Cambridge author wins coveted Royal Historical Society Whitfield Prize
Cambridge University Press author Ben Griffin has been named winner of the prestigious Royal Historical Society’s Whitfield Prize for his book, The Politics of Gender in Victorian Britain – Masculinity, Political Culture and the Struggle for Women’s Rights.
The announcement was made on July 10 at the Society’s annual reception in London. This is the fourth successive year the Whitfield Prize has been won by a Cambridge University Press author and the sixth occasion in the past ten years.
The Royal Historical Society was founded in 1868 and remains the foremost society in Great Britain promoting and defending the scholarly study of the past. It awards a number of prizes each year to recognize outstanding historical scholarship and achievement and offers the Whitfield prize for a new book on British or Irish history. To be eligible the book must have been published in the United Kingdom or the Republic of Ireland during the calendar year. It must also be its author's first solely written book and be an original and scholarly work of historical research.

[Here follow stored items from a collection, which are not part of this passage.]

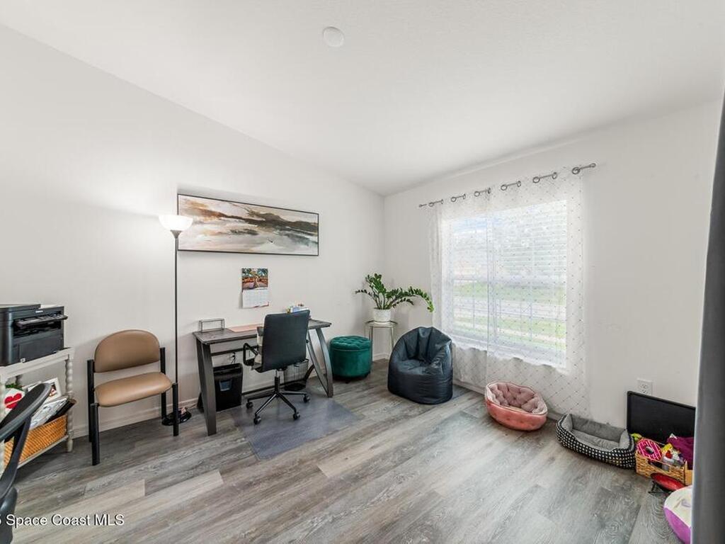 This extremely functional Capri floor plan by Avtec Homes is basically NEW. City water and sewer which is a HUGE BONUS in Palm Bay. Barely lived in and built at the end of 2021, this 3 bedroom PLUS an office is the perfect layout. This move in ready home is spacious, open, and has a big enough yard to accommodate a pool. Less than 10 minutes to Hammock Landing where you'll find tons of shopping and dining. No carpet.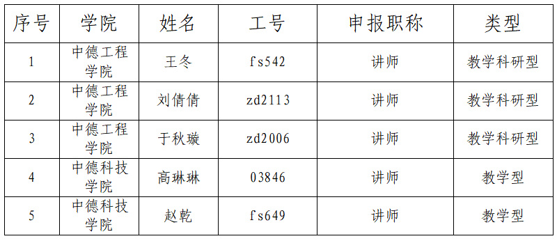另:因中德科技公司和中德工程公司无职称评审权,故委托公司对其公司教师进行职称评定,具体情况如下: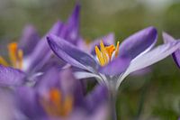 In februari bloeit de eerste paarse krokus en schittert in de zon. Het licht schijnt fel op de open bloemblaadjes. Het stuifmeel steekt geel af. De vroege bloeier belooft het einde van de winter.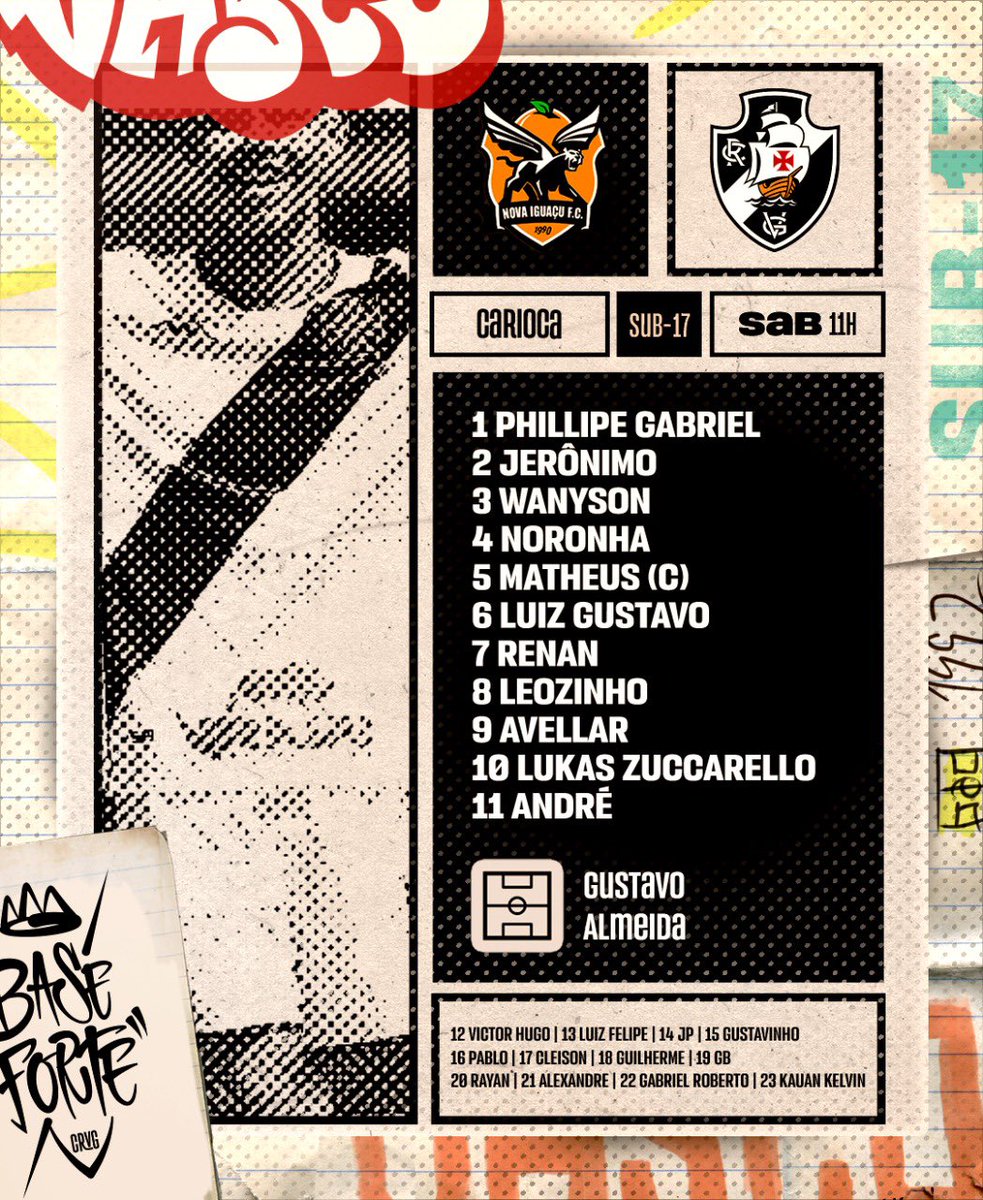 01/10/22 - Infantil: Confira a escalação do Vasco para o jogo contra o Nova Iguaçu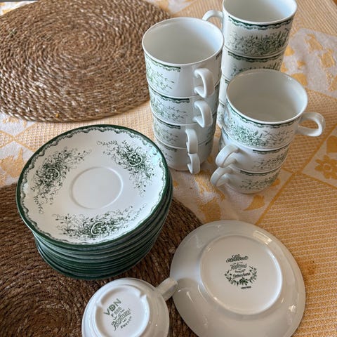 13st Rörstrand tekoppar med fat i porslin med grön dekor. Servisen består av flera koppar och matchande fat med samma mönster. Passar för servering av te vid vardag och enklare bjudningar. Klassisk vit bas med grön bladdekor runt kopp och fat.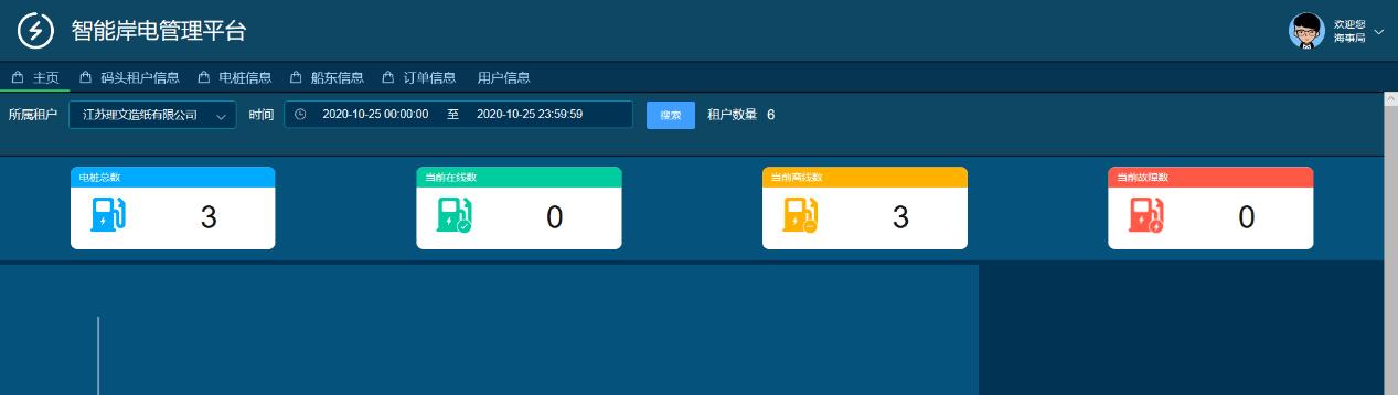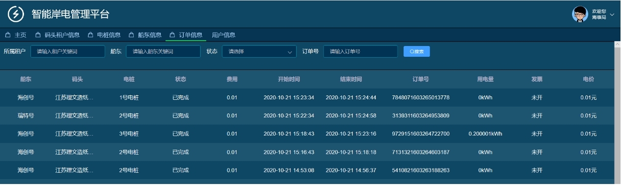智能岸電管理功能,碼頭租戶通過PC端登錄服務(wù)器對岸電樁進(jìn)行管理,包括電樁信息、船東信息、訂單信息管理等。海事局通過登錄服務(wù)器可以讀取碼頭租戶、船東、訂單等信息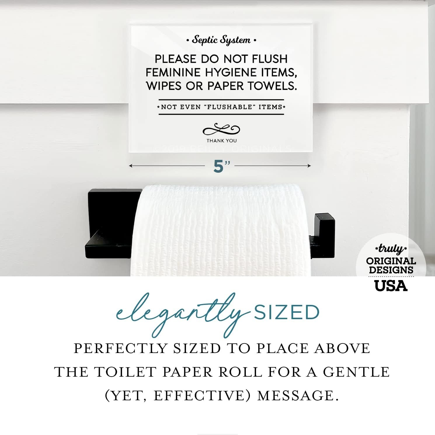 8 reviews for Reilly Originals 3.5×5 Inch Septic System Bathroom Sign, Do Not Flush Feminine Hygiene Items, Wipes, Paper Towels ~ Ready to Stick ~ Premium Finish, Durable (White)
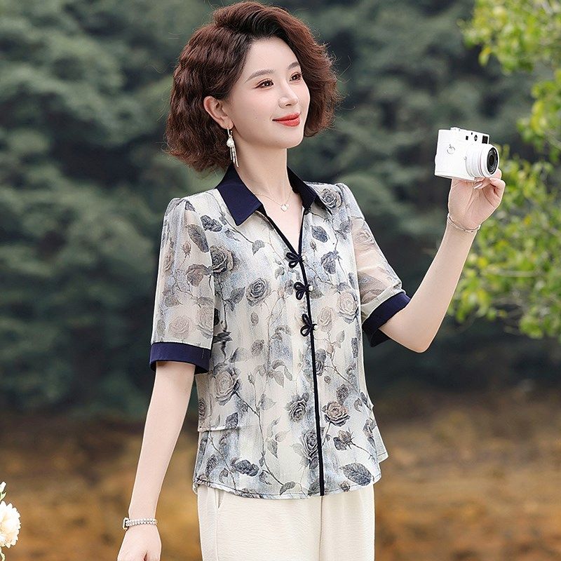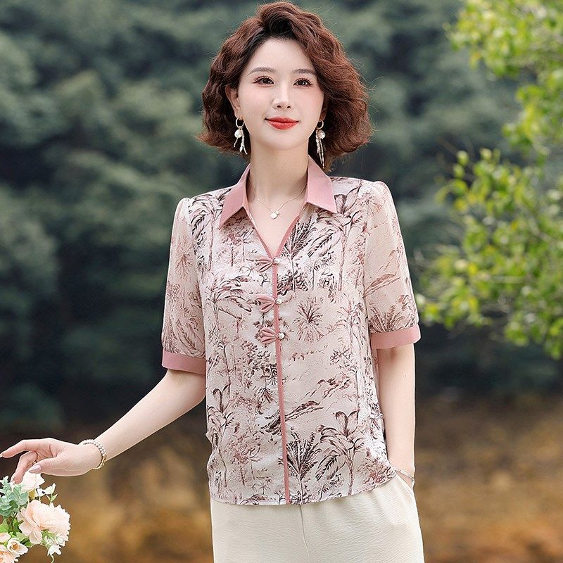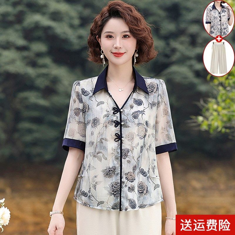 2025新款中年妈妈夏装套装雪纺小衫上衣中老年女装短袖衬衫两件套

This year’s judges said: ‘Ben Griffin’s beautifully clear and crystalline monograph makes an important contribution both to Victorian political history and to gender studies. He argues that the fortunes of the women’s movement in parliament can only properly be understood by considering the notions of masculinity articulated by the legislators themselves. By showing the degree to which individual allegiances often shifted, he shows the inappropriateness of simplistic pro-suffrage/anti-suffrage, pro-feminist/anti-feminist categories. The book combines statistical data with some wonderfully executed individual vignettes revealing some very curious species of anxious masculinities. It moves deftly between politics, gender studies, social history, and the history of the law.’